- **Excerpted data**:
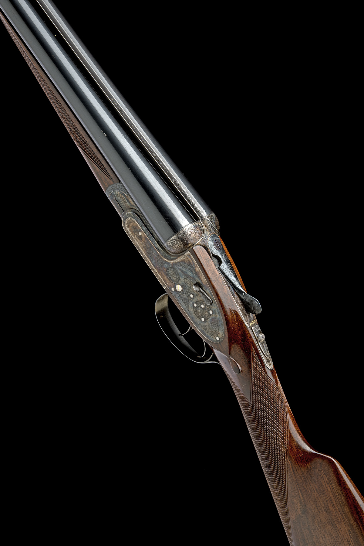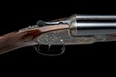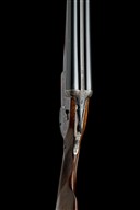 for 1981, 28in. nitro chopperlump barrels, 2 3/4in. chambers, bored approx. imp. cyl. and 1/2 choke, removable striker discs, automatic safety with gold-inlaid 'SAFE' detail, hand-detachable lockplates, gold-inlaid cocking-indicators, articulated front trigger, rolled-edge triggerguard, acanthus scroll engraving with floral bouquets, retaining much original colour-hardening and finish, 14 3/4in. stock, weight 6lb. 9oz.
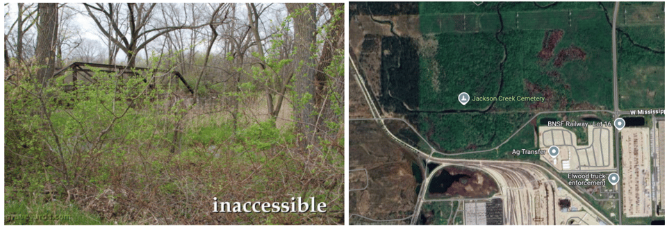 Jackson Creek cemetery, not that far away, which is just listed as “inaccessible,” (could you imagine?) per lauded Illinois history researcher + writer Matt Hucke (whose book, Graveyards of Chicago alongside Ursula Bielski, is very good!) and his blog, which is a treasure trove for local history and decaying places.
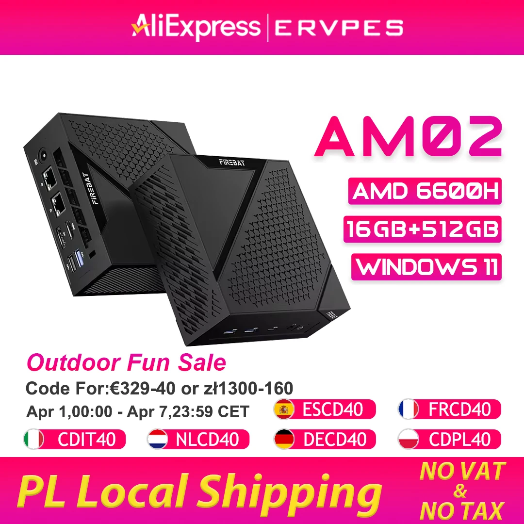 FIREBAT MINI PC AM02 AMD Ryzen 5 6600H 16GB DDR5 512GB SSD Windows 11 WIFI6 BT5.2 Przenośny Komputer Stacjonarny Port Sieciowy HDMI
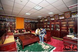 果洛古籍保護(hù)中心的研究人員閱讀《格薩爾》相關(guān)資料
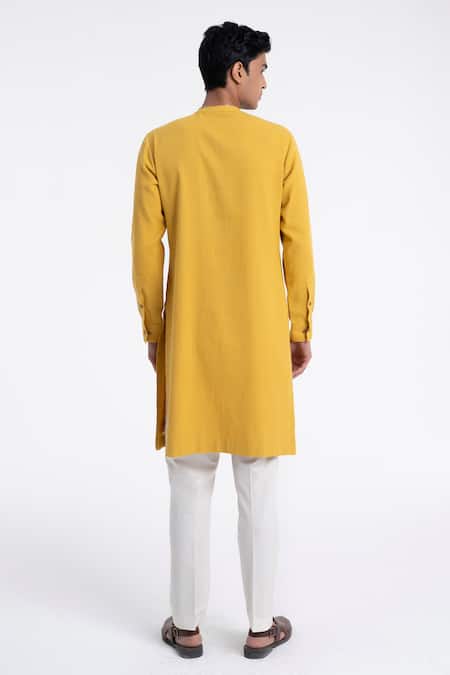 A marigold kurta crafted from textured cotton silk features multiple curved panels, a classic round collar, and a buttoned placket. It is paired with terricotton pant style pyjama.
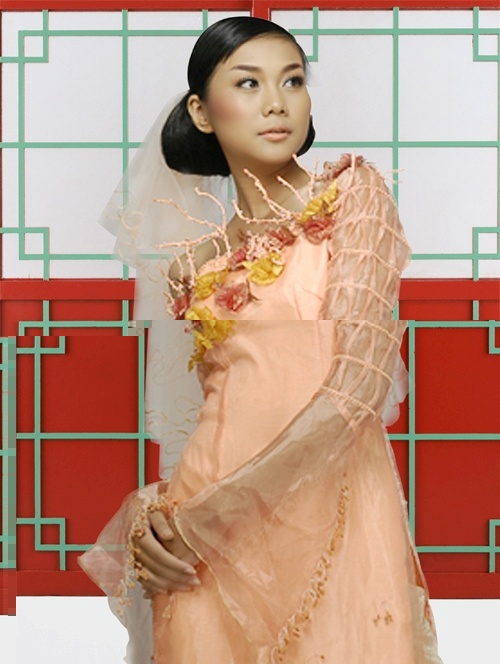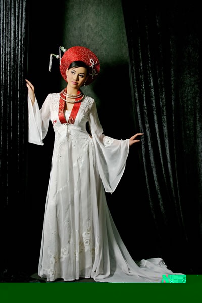 Nowadays, Ao Dais appear every where in the world. Vietnamese oversea women show their love to the country through Ao Dais. A symbolic example is Miss Asia USA contest and Jennifer Pham who showed Vietnamese spirit and make so special impression when wearing Vietnamese traditional dress was winner  Many foreign visitors have good impression on Vietnamese Ao Dais, they feel being warmly welcome when the image of Ao Dais flowing in the wind in the airports. It’s pity for those who travel to Vietnam without bringing back an Ao Dai as a souvenir to show off with those who have never been to Vietnam. Ao Dai is deserved to be called “ the Vietnam charming feature” c) Ao Dai is more and more famous in the world. In June 2001, this is first time “ Ao Dai” has been introduced in tour city (France) with a large number of approximately 300 Vietnamese cultural lovers. Ao Dai is considered an intangible cultural heritage of the Vietnamese people, A Singapore girl, originally Chinese native said: “ many people tend to make beauty under the western style, however, as for me and some want to inherit East Asian beauty. Ao Dai help us come back to Asian values”. In Asia bloc in particular and in western bloc in generally, much attention has been paid to “ Ao Dai” Take Susan, a British woman living in Australia for example. She worked in Vietnam and had three set of “ Ao Dai” to wear on great carnival. When she has returned her homeland, she wraps them up neatly and only wears them on special carnival. Asa means of introducing the country and the Vietnamese people, KBS- a famous south Korean television station – has ever made a 30 minutes film on Vietnamese Ao Dai broadcast in this country.
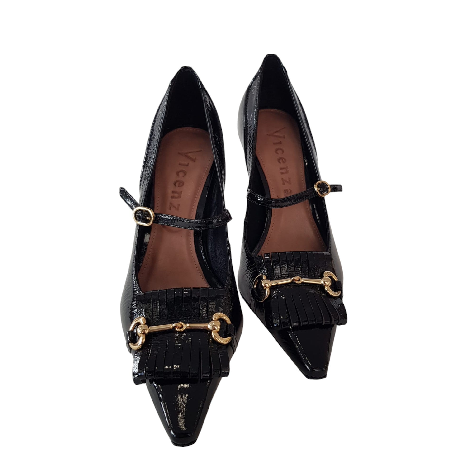 Vicenza Décolleté Donna Pelle Naplak Nero tacco alto 9 cm. accessorio Oro cinturino collo piede Rif.149

- **Exercise details**: The required output is the exact lines from the opening line of the entries through the line with "A marigold kurta", inclusive, without pictures.

- **Task answer**:
 for 1981, 28in. nitro chopperlump barrels, 2 3/4in. chambers, bored approx. imp. cyl. and 1/2 choke, removable striker discs, automatic safety with gold-inlaid 'SAFE' detail, hand-detachable lockplates, gold-inlaid cocking-indicators, articulated front trigger, rolled-edge triggerguard, acanthus scroll engraving with floral bouquets, retaining much original colour-hardening and finish, 14 3/4in. stock, weight 6lb. 9oz.
 Jackson Creek cemetery, not that far away, which is just listed as “inaccessible,” (could you imagine?) per lauded Illinois history researcher + writer Matt Hucke (whose book, Graveyards of Chicago alongside Ursula Bielski, is very good!) and his blog, which is a treasure trove for local history and decaying places.
 FIREBAT MINI PC AM02 AMD Ryzen 5 6600H 16GB DDR5 512GB SSD Windows 11 WIFI6 BT5.2 Przenośny Komputer Stacjonarny Port Sieciowy HDMI
 果洛古籍保護(hù)中心的研究人員閱讀《格薩爾》相關(guān)資料
 A marigold kurta crafted from textured cotton silk features multiple curved panels, a classic round collar, and a buttoned placket. It is paired with terricotton pant style pyjama.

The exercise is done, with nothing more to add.